How is fascism not corruption, Mr Nitish Kumar?

So, Nitish Kumar has not only deserted Lalu Prasad – an old compatriot he reluctantly befriended again only to stop the Modi juggernaut in Bihar – but he has also scuttled, in a ruthless sleight of hand, any possibility of a national anti-BJP alliance when the 2019 general elections are less than two years away. 

Nitish attributed his decision to his conscience that made it difficult for him to work with Lalu because of the corruption allegations against the RJD strongman and his son Tejashwi – charges that are already being investigated by the top agencies of the country, including the CBI and the Enforcement Directorate.


For a mainstream politician to invoke conscience while taking a presumably difficult decision is a gesture worthy of respect. In a profession marked by opportunism and lack of coherent principles, Nitish may seek to stand out, as suggested by Narendra Modi's tweet immediately after the Bihar chief minister resigned. "Congratulations! Mr Nitish Kumar for joining the fight against corruption. 1.25 crore people are welcoming and supporting his honesty. For the bright future of the country, and especially Bihar, it is the need of the hour to rise above political differences and join the fight against corruption," Modi tweeted.

The tweet by the Prime Minister reinforces the claim to conscience that Nitish made while resigning: that he is "honest" and rose "above political differences" to join the "fight against corruption" and for the "bright future of the country". But what if Nitish's claim to conscience has not been thought through properly - by him, or the many commentators writing about the big Bihar drama?

Worse, what if this conscience is suspect? Here is a simple question for Nitish Kumar: how is the form of corruption as represented by the likes of Lalu worse than the kind of corruption represented by the BJP that he has now embraced?


In the case of the former, the law, as the saying goes, is taking its own course. Quite promptly, we must say. The current regime has made no secret of the fact that it is going after Lalu because he has been at the forefront of forming an anti-BJP alliance and had made some progress.


Now, the Indian Constitution has enough provisions to deal with the kind of charges that have been levelled against Lalu Prasad and his family. The state's top agencies are investigating. The charges, if proved, will result in the prosecution of the Yadav family.

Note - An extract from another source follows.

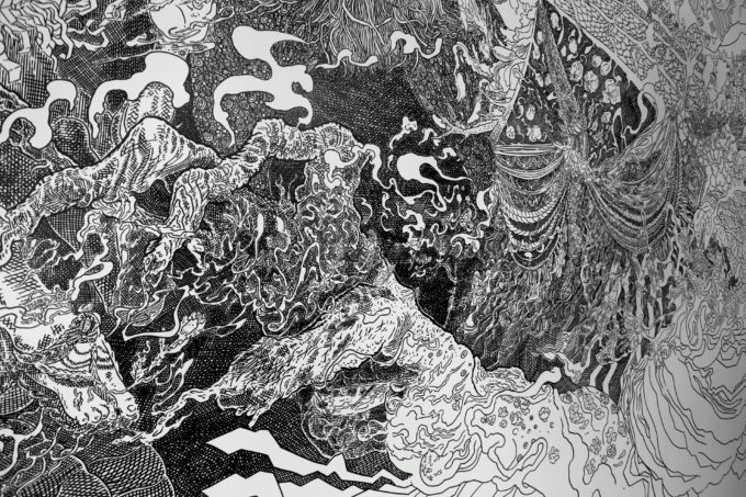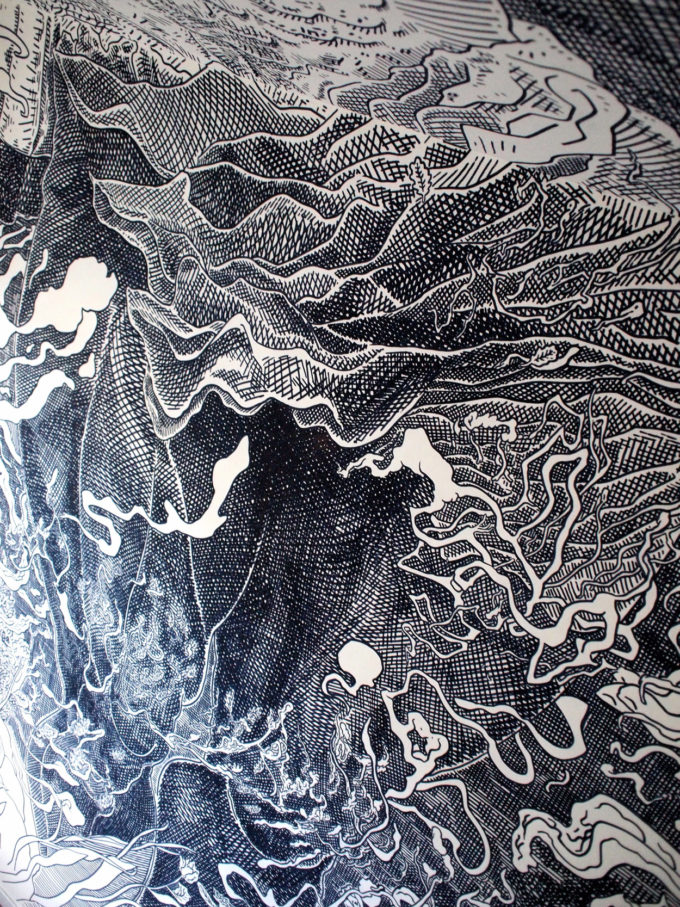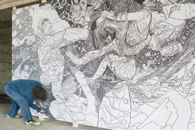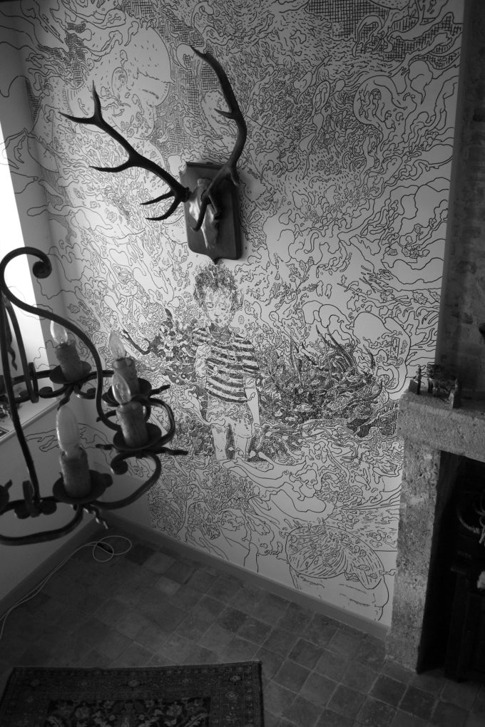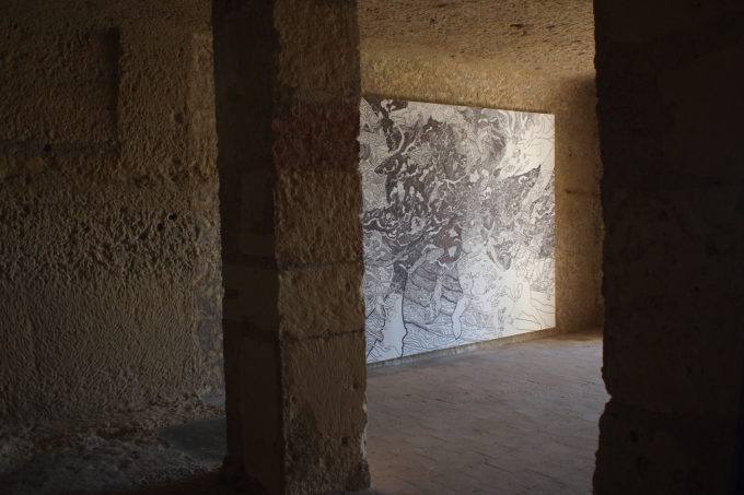 Scribblitti nasce come piccolo progetto indipendente che dopo due anni, test dopo test dopo test dopo test (dopo test, dopo test, dopo test), chiude il suo primo ciclo con una presenza in Biennale. È la seconda volta che un mio lavoro arriva in Biennale a Venezia e volevo vedere cosa sarei riuscito a fare dopo. Ora che qualcosa ho fatto e sono un po’ indaffarato nel tribolare tra nuove modalità di interviste e ascolto, di disegno e test su diversi materiali, riesco a restituire questo arco narrativo molto meglio. Non è facile, ma ci provo. Che sono lento, quello che faccio è lento, non è roba per centometristi, non sono un centometrista. Dopo Bruxelles, riprendendo la narrazione da dove avevo smesso di scrivere, sono stato invitato nel quadro di una residenza d’artista a realizzare tre lavori per il Festival H2O nel centro della Francia vicino Blois, lungo la Cisse, un affluente della Loira.

Imprisonment and subsequent bans from contesting elections are not ruled out. 

Lalu, convicted in fodder scam, anyway is barred from contesting elections. But, is the same Constitution robust enough to deal with fascism? Is there any ambiguity in what the BJP - or the Sangh Parivar that it is affiliated to - stands for?

The Sangh now has its man in the President's House, not to mention most subordinate government offices, universities, and cultural centres. Its men, both in the government and outside, have been openly calling for a Hindu Rashtra. Modi himself has been selling this dream of a New India, which in its innocent framing couched in a foreign language, reeks of a deep, indigenous fascist design. Folks like Dinanath Batra are removing words like Tagore, Urdu, and riots from school textbooks. Tanks are being rolled into universities in the name of nationalism.


Worse, the Sangh is running its own military schools, where hatred for India's minorities, especially Muslims, forms the crux of the education of young girls and boys. The cow is the new national animal, whose protection even legitimises the killing of people.

In fact, majoritarian violence has become so commonplace that most media outlets do not even bother reporting them, let alone be outraged by them. Driven by the Sangh's hatred for Muslims, its men in Bajrang Dal, Vishwa Hindu Parishad and other former fringe groups have been attacking and lynching them with impunity.

The conscientious Bihar CM has not bothered to follow these headlines in the last four years. It is especially tragic and even ironic, considering the fact that Nitish himself had called for a Sangh-mukt Bharat after his Grand Alliance with Lalu Prasad's RJD and the Congress had stopped a resurgent BJP in Bihar less than two years ago.

His was one of the credible faces to actually take on the project, given the disarray the Congress and most other Opposition parties are in. Recently, historian and columnist Ramachandra Guha went on to suggest that if Nitish takes over the Congress, the party has a chance against the BJP. But nothing of that sort will happen now, thanks to Nitish's conscience.